**ENTRIES PROVIDED:**
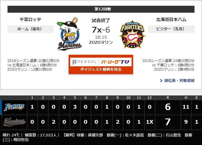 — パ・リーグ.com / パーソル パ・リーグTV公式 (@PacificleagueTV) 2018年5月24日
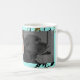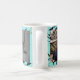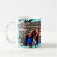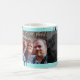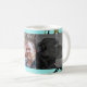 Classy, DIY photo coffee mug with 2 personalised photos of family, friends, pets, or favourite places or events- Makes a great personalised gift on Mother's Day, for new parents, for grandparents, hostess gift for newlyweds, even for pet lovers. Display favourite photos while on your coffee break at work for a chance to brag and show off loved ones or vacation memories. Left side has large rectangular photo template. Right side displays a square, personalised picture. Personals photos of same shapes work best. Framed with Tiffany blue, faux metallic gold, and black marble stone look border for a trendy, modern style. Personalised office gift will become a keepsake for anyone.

--

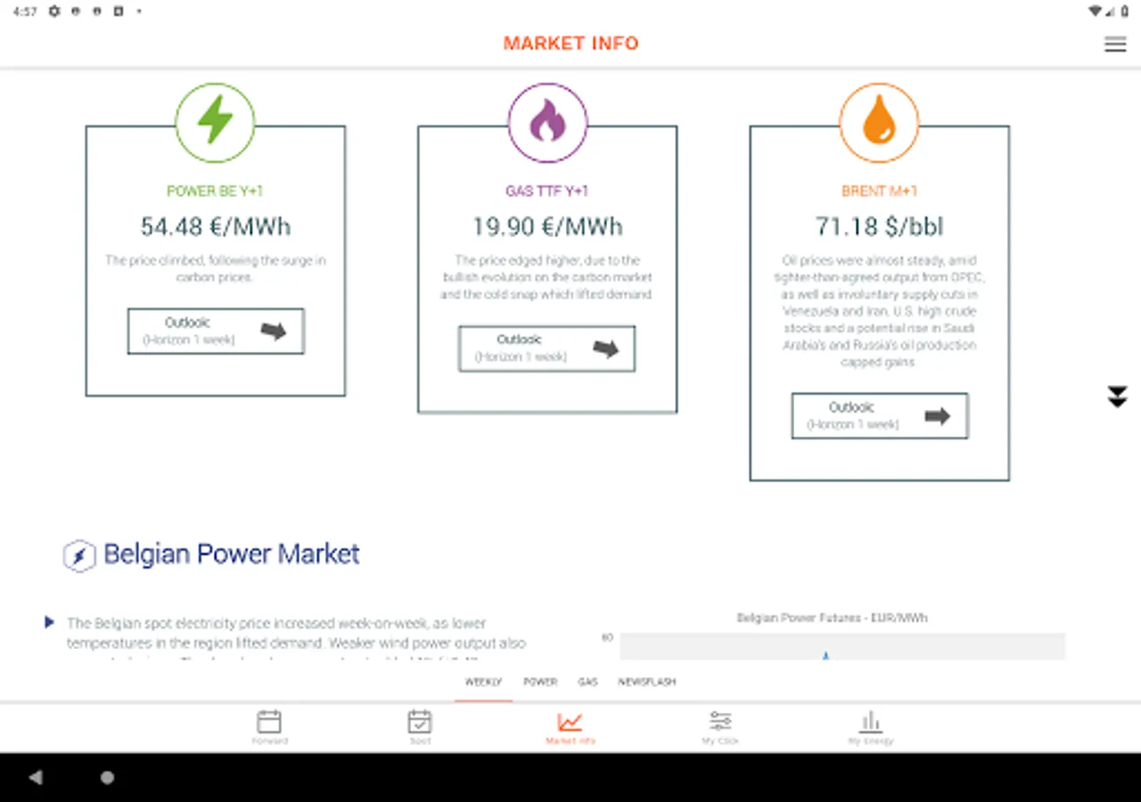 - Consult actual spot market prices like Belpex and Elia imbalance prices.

**WHAT THE TASK ASKS:** Beginning with the line above that contains "パ・リーグTV公式 (@PacificleagueTV) 2018年5月24日" and finishing with the line that contains "Classy, DIY photo", print those lines exactly and only. Skip all pictures.

**YOUR RESPONSE:**
 — パ・リーグ.com / パーソル パ・リーグTV公式 (@PacificleagueTV) 2018年5月24日
 Classy, DIY photo coffee mug with 2 personalised photos of family, friends, pets, or favourite places or events- Makes a great personalised gift on Mother's Day, for new parents, for grandparents, hostess gift for newlyweds, even for pet lovers. Display favourite photos while on your coffee break at work for a chance to brag and show off loved ones or vacation memories. Left side has large rectangular photo template. Right side displays a square, personalised picture. Personals photos of same shapes work best. Framed with Tiffany blue, faux metallic gold, and black marble stone look border for a trendy, modern style. Personalised office gift will become a keepsake for anyone.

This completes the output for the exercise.